Venedik'te renkli ve masalsı yolculuk: Torcello, Murano ve Burano

Venedik denilince herkesin aklına rengarenk maskeler ve gondollarla yapılan romantik kanal gezileri geliyor. Daha az keşfedilmiş, daha sakin ve çok daha renkli bir Venedik içinse kürekleri Torcello, Burano ve Murano adalarına doğru çekmek gerekiyor.

Torcello, Burano ve Murano... Venedik gezisi yapanların en merak ettiği yerlerin başında geliyor. Peki, Torcello, Burano ve Murano'da nerelere gidilir? Neler yenir? İşte rüya gibi bir masal yolculuğuna çıkacaklara Torcello, Burano ve Murano gezi rehberi...


TORCELLO: İLHAM VERİYOR

Torcello için bu başlığı yazmam hiç de sebepsiz değil. Bunu adaya indiğiniz anda hissediyorsunuz zaten. Hemingway roman yazmak için buraya taşınmakta hiç de haksız değilmiş. Adanın enerjisinden bunu hemen anlıyorsunuz. Torcello en kuzeydeki ada. Adanın şu anki tenha hali eski şaşaalı günleriyle tezat oluşturuyor aslında. 452 yılında Altino halkı bu adaya sığınarak şehri kurmuş. 10’uncu yüzyılda en parlak zamanlarını yaşayan şehrin nüfusu 30 bine kadar yükselmiş. Hatta lagünden çıkarttıkları tuzu satarak o dönem Venedik’ten daha büyük bir ticari güce sahip olmuş. Ama yıllar içinde kanalların alüvyonla dolup bataklığa dönüşmesi ve bunun sonucunda adayı basan sinekler ve oluşan sıtma hastalığı Torcello’yu hızla düşüşe geçirmiş. Şimdilerdeyse adanın nüfusu... Hazır mısınız duymaya?, 50 kişi!
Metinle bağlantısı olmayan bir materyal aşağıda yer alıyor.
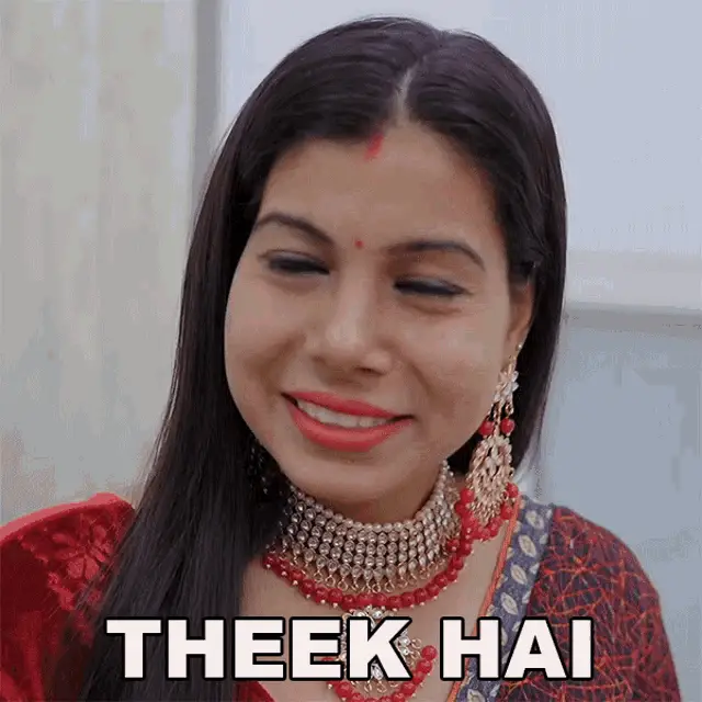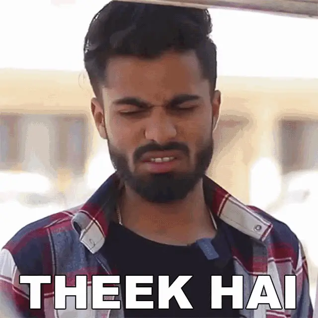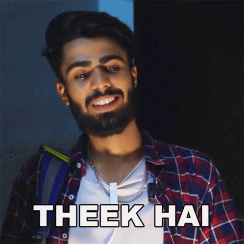 Rahul Jha smiling and saying 'Theek Hai' (Okay) in a plaid shirt.
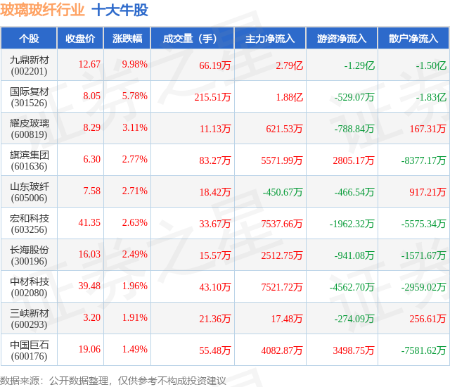 个股表现方面,玻璃玻纤行业当日领涨股为九鼎新材(002201),该股当日报收12.67,上涨9.98%,成交量66.19万,主力资金净流入2.79亿元。国际复材(301526)以上涨5.78%紧随其后,该股当日成交量215.51万,主力资金净流入1.88亿元。除此之外,耀皮玻璃(600819)、旗滨集团(601636)、山东玻纤(605006)均进入当日牛股之列。具体个股列表见下表:
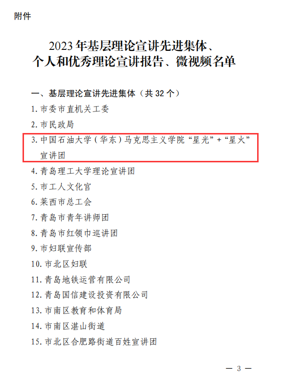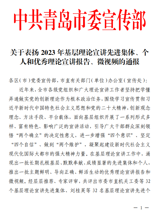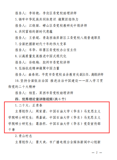 近日,中共青岛市委宣传部印发《关于表扬2023年基层理论宣讲先进集体、个人和优秀理论宣讲报告、微视频的通报》,对32个基层理论宣讲先进集体、32名基层理论宣讲先进个人、10篇优秀理论宣讲报告、6个优秀理论宣讲微视频予以通报表彰。Beat365官网“星光”+“星火”宣讲团荣获“基层理论宣讲先进集体”,Beat365官网研究生周家豪、蒋嘉诚和校党委宣传部葛浩然老师合作完成的《二十大,正青春》微视频荣获“优秀理论宣讲微视频”。
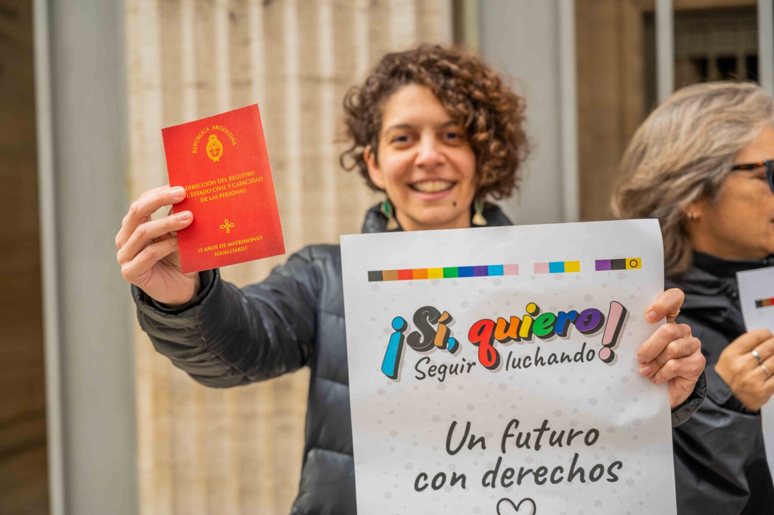 La activista Greta Pena, ex directora del Inadi y de la Subsecretaría de Políticas de Diversidad del Ministerio de Mujeres, Géneros y Diversidad, se casó con su compañera en este registro civil hace 15 años. “No queríamos entrar a esta institución para asimilarnos, sino que queríamos conformar una forma más democrática de familia. Y eso se logró: luego del matrimonio igualitario llegó la posibilidad de la voluntad procreacional, de poder conformar familias donde el norte fuese el deseo y la voluntad. Hoy las parejas heterosexuales puede poner su apellido al lado de su compañero, incluso puede ponerlo primero. Luego vino la Ley de Identidad de Género y luego la posibilidad de acceder a un aborto legal, seguro y gratuito”, expresó a le sparticipantes. Durante la actividad también estuvo presente la ex ministra de Géneros, Elizabeth Gómez Alcorta. En la cuadra del registro civil, José y Gerardo se cubrían bajo un paraguas con los colores del orgullo y llevaban puesta su alianza de matrimonio y su libreta roja. “Venimos a celebrar que estamos juntos, que nos casamos, que tenemos derechos. No necesitábamos esto para estar juntos, pero sí para que nos reconocieran los mismos derechos que ya tenían las demás personas. Dejamos de ser ciudadanos de segunda”, dijo Gerardo a Presentes. José agregó: “Son solamente 15 años que pasaron desde que empezamos a ser iguales a otros, es muy poco. Faltan otros derechos”.

Adada görmeden dönmeyin diyeceğim bir yer varsa o da Museo dll’EStuario. Adadan çıkan tarihi eserler burada sergileniyor. Pazartesi günleri dışında her gün ziyarete açık. Santa Maria Assunta Katedrali’ni ise her gün ziyaret edebilirsiniz. Burası 639 yılında yapılmış, 1008 yılında yenilenmiş. Katedralin şahane yapısını gördüğünüzde adanın eski görkemli günlerini daha da iyi hissedeceksiniz. Kesinlikle Torcello’ya kadar gelmişken bu iki tarihi yapıyı ziyaret etmelisiniz.

NEREDE KONAKLAMALI?

Locanda Cipriani: Burası Torcello’daki tek otel. Geniş bir bahçeye ve Venedik mutfağından yemekler sunan ünlü Cipriani restorana sahip. Cipriani restoranın bahçesinde ızgara balık yiyerek adanın keyfini çıkarın.

NEREDE, NE YENİR?

Villa 600: Karides ve safran soslu makarnayı harika bir atmosferde yiyerek Venedik mutfağının tadını çıkarabilirsiniz. Osteria Al Ponte del Diavolo: Mükemmel servis veren bu keyifli ortamda deniz ürünlerinin tadını çıkarın.

NEREDE KONAKLAMALI?

Murano Palace: Rio dei Vetrai Kanalı manzarasına sahip. 18’inci yüzyıl Venedik tarzında dekore edilmiş, keyifli bir alternatif. Hotel Conterie: Tipik Venedik tarzında dekore edilmiş, önceden cam üreticilerine ait olan, tarihi bir villada hizmet veriyor. La Gare Hotel: Büyük Murano kanalına bakan otel, Marco Polo Havaalanı’na ücretsiz çift yönlü ulaşım servisi sunuyor.

NEREDE, NE YENİR?

Ristorante Pizzeria Marlin: Şarap ve spagetti... Fazla söze gerek yok galiba. Bar Al Faro: Bir fincan kahve içip keyifli manzaranın ve adanın tadını çıkarmak isterseniz doğru adres burası.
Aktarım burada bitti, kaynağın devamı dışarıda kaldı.